→ **Task to complete**
Please copy only the material from the line that has "ankle strap; adjustable" to the very last line, both ends included, exactly as written and without pictures.

→ **Raw data**
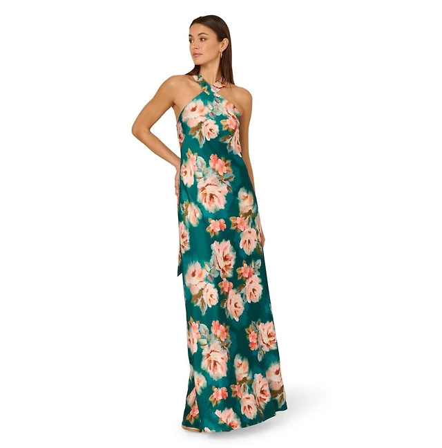 Adrianna Papell Women's Halter Neck Sleeveless Gown
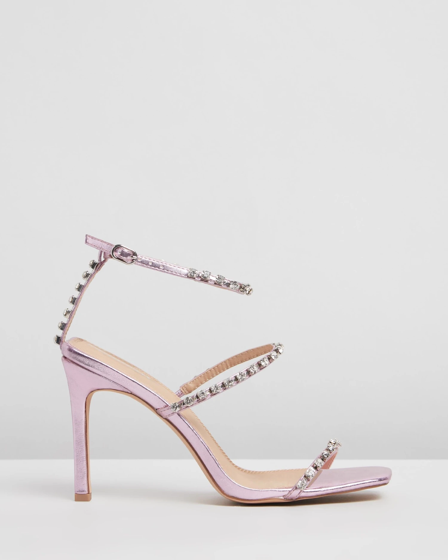 – Slim buckled ankle strap; adjustable
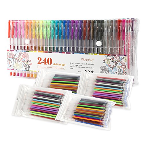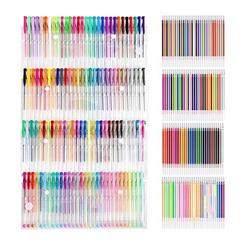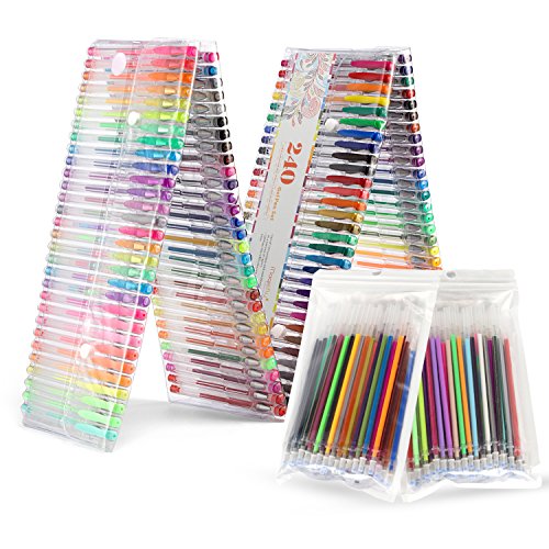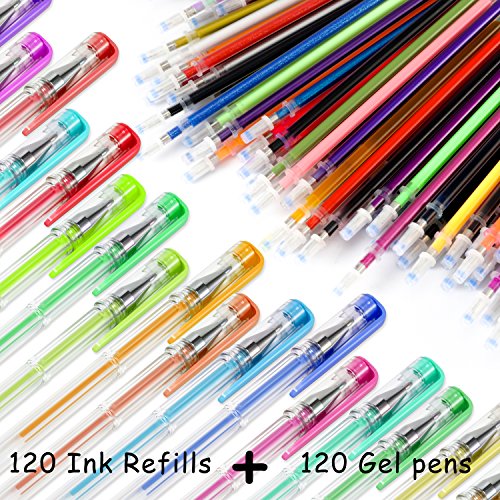 240 PICS, 120 ASSORTED COLORS: : Since you love using gel pens bring your coloring pages to life, we decided to creat a set that exclusively contains all of 120 colors with NO DUPLICATE (Including 28 Glitters, Special Brown,Brown Earth Tones).This will give you a varity of 120 coloring gel pens,the total 240 pens are enough to make your artwork pop right off the page
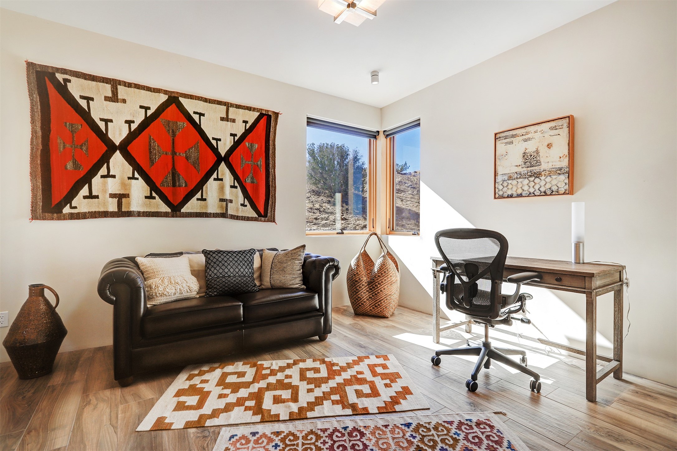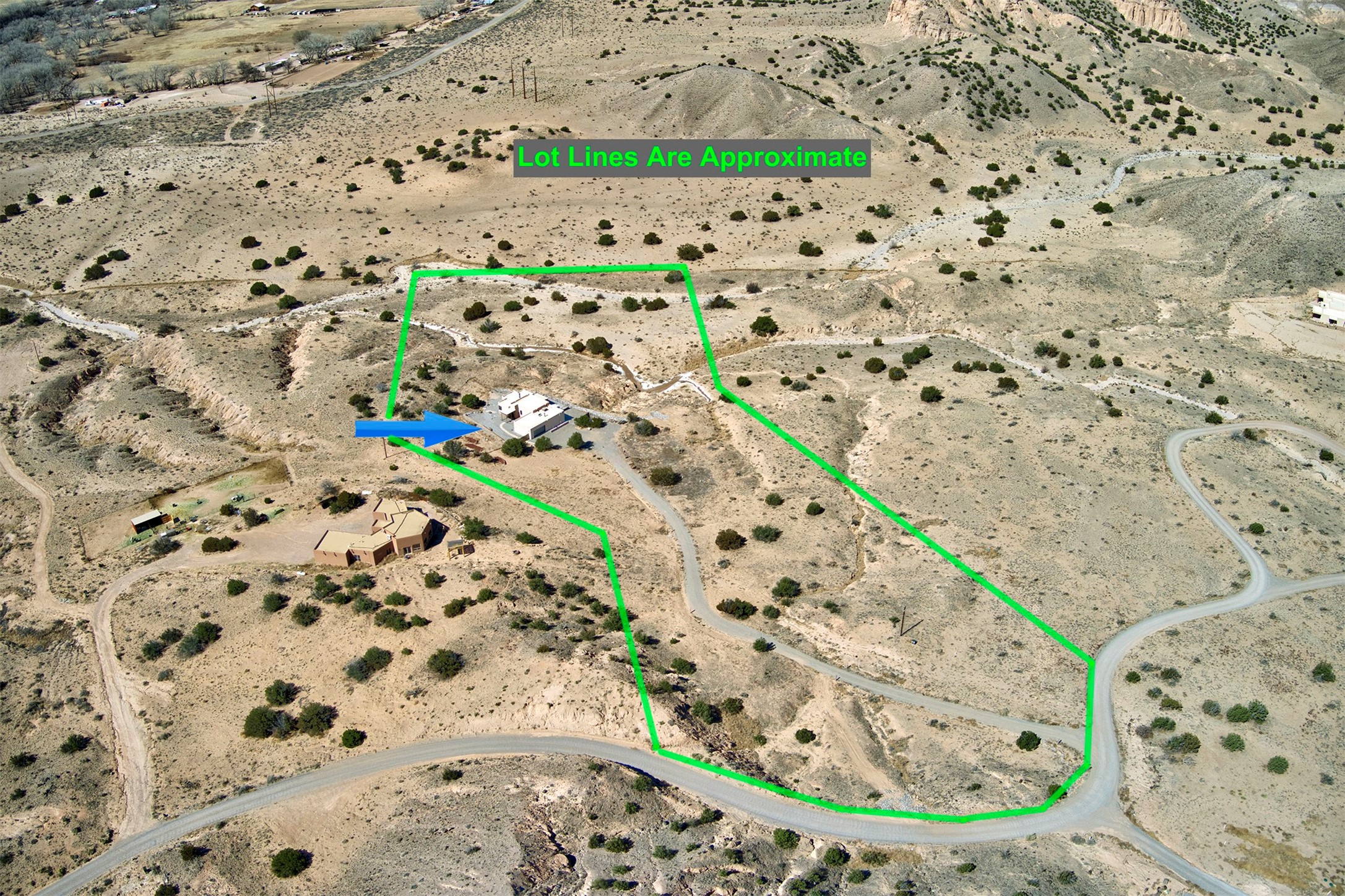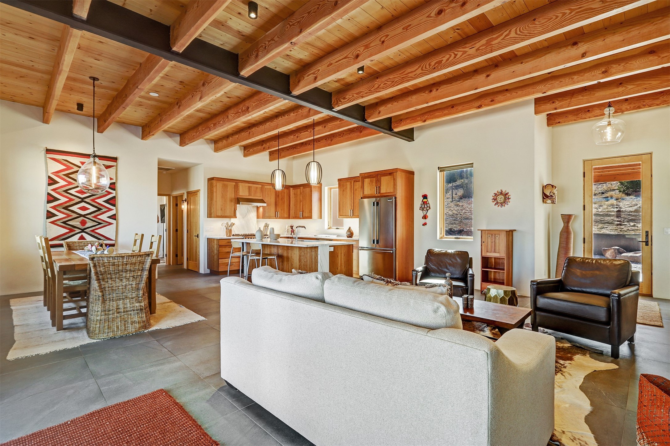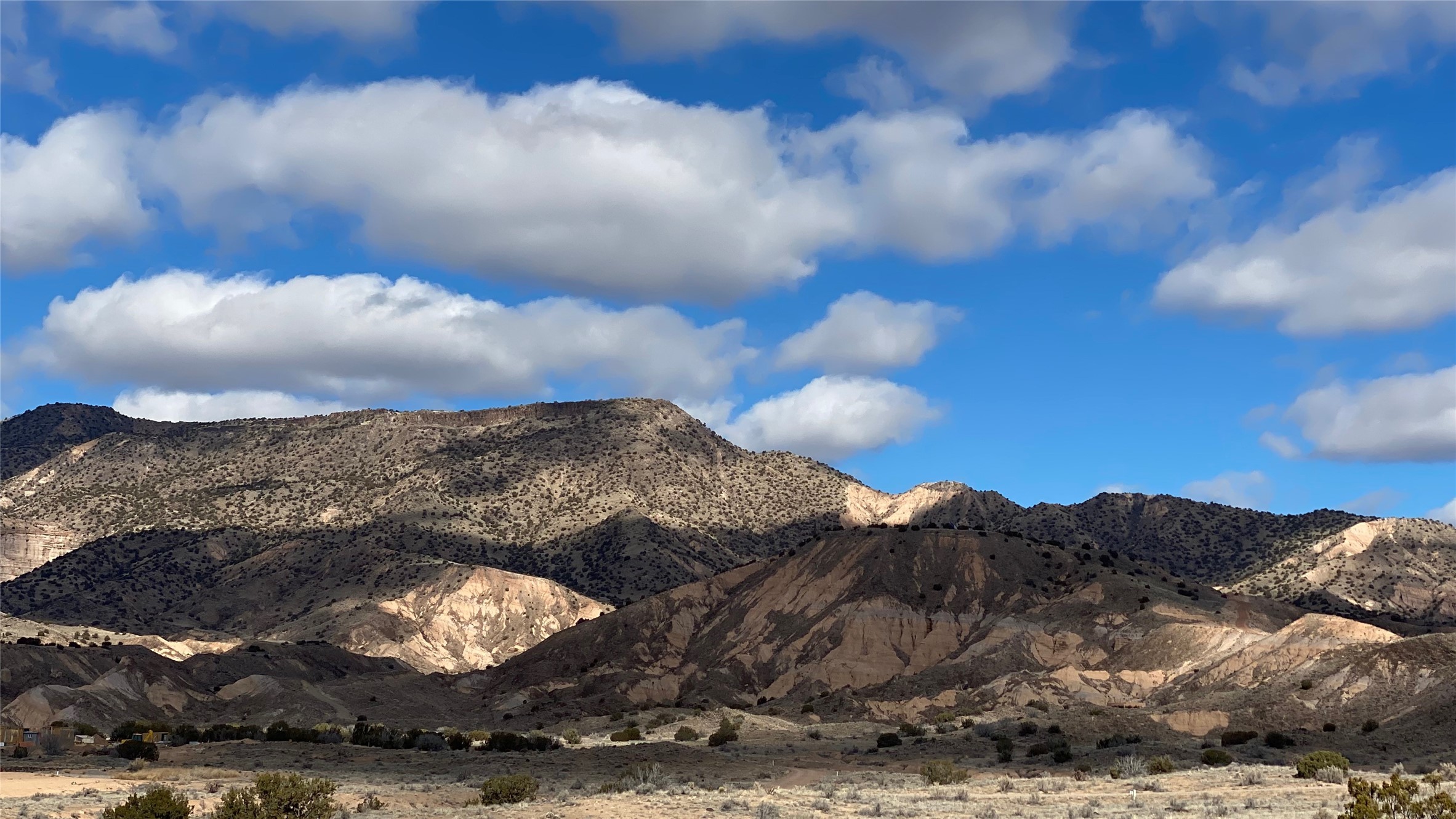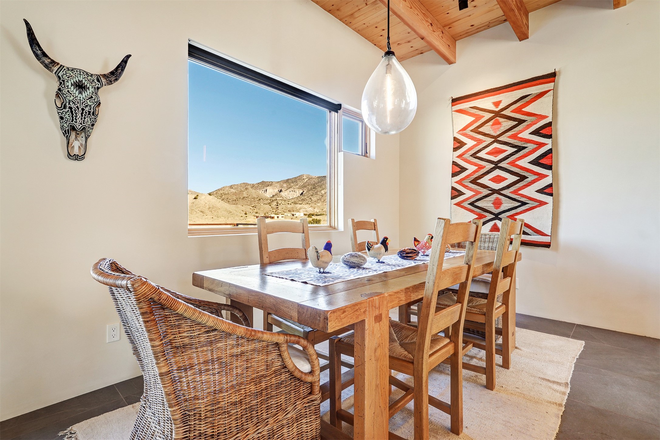 Rare new construction on nearly 8 acres with endless views and luxury finishes in a private Abiquiu community. This 1,620 sq. ft. home offers two bedrooms, two bathrooms and separate office, as well as chef's kitchen and generous great room. The Great Room is accented by a marble tiled high-efficiency wood burning fireplace. Luxury finishes and features throughout include marble kitchen counters, custom tile, designer lighting/flooring, high-end appliances. Architectural landscape design is sophisticated with near-zero maintenance. A 700 sq. ft. elevated deck provides ample entertainment space and unimpeded sunset, mountain, and valley views --including Pedernal!The property's location in gated la Canada de Abiquiu offers convenient distances to Santa Fe (45 min.), Ghost Ranch (20 min.),Bodes/Abiquiu Inn (7 min.), as well as gate security and a well-maintained community. High quality construction includes high efficiency wall/ceiling insulation, Low-E windows, high efficiency water heater, in-floor radiant heat, high efficiency evaporative cooler, a full-house reverse osmosis water system and full-size insulated two car garage.Adjacent 7.3 acre lot with electric transformer and water is available under separate contract. The additional lot would provide an additional building opportunity or privacy and unobstructed mountain views.

→ **Answer to this task**
 – Slim buckled ankle strap; adjustable
 240 PICS, 120 ASSORTED COLORS: : Since you love using gel pens bring your coloring pages to life, we decided to creat a set that exclusively contains all of 120 colors with NO DUPLICATE (Including 28 Glitters, Special Brown,Brown Earth Tones).This will give you a varity of 120 coloring gel pens,the total 240 pens are enough to make your artwork pop right off the page
 Rare new construction on nearly 8 acres with endless views and luxury finishes in a private Abiquiu community. This 1,620 sq. ft. home offers two bedrooms, two bathrooms and separate office, as well as chef's kitchen and generous great room. The Great Room is accented by a marble tiled high-efficiency wood burning fireplace. Luxury finishes and features throughout include marble kitchen counters, custom tile, designer lighting/flooring, high-end appliances. Architectural landscape design is sophisticated with near-zero maintenance. A 700 sq. ft. elevated deck provides ample entertainment space and unimpeded sunset, mountain, and valley views --including Pedernal!The property's location in gated la Canada de Abiquiu offers convenient distances to Santa Fe (45 min.), Ghost Ranch (20 min.),Bodes/Abiquiu Inn (7 min.), as well as gate security and a well-maintained community. High quality construction includes high efficiency wall/ceiling insulation, Low-E windows, high efficiency water heater, in-floor radiant heat, high efficiency evaporative cooler, a full-house reverse osmosis water system and full-size insulated two car garage.Adjacent 7.3 acre lot with electric transformer and water is available under separate contract. The additional lot would provide an additional building opportunity or privacy and unobstructed mountain views.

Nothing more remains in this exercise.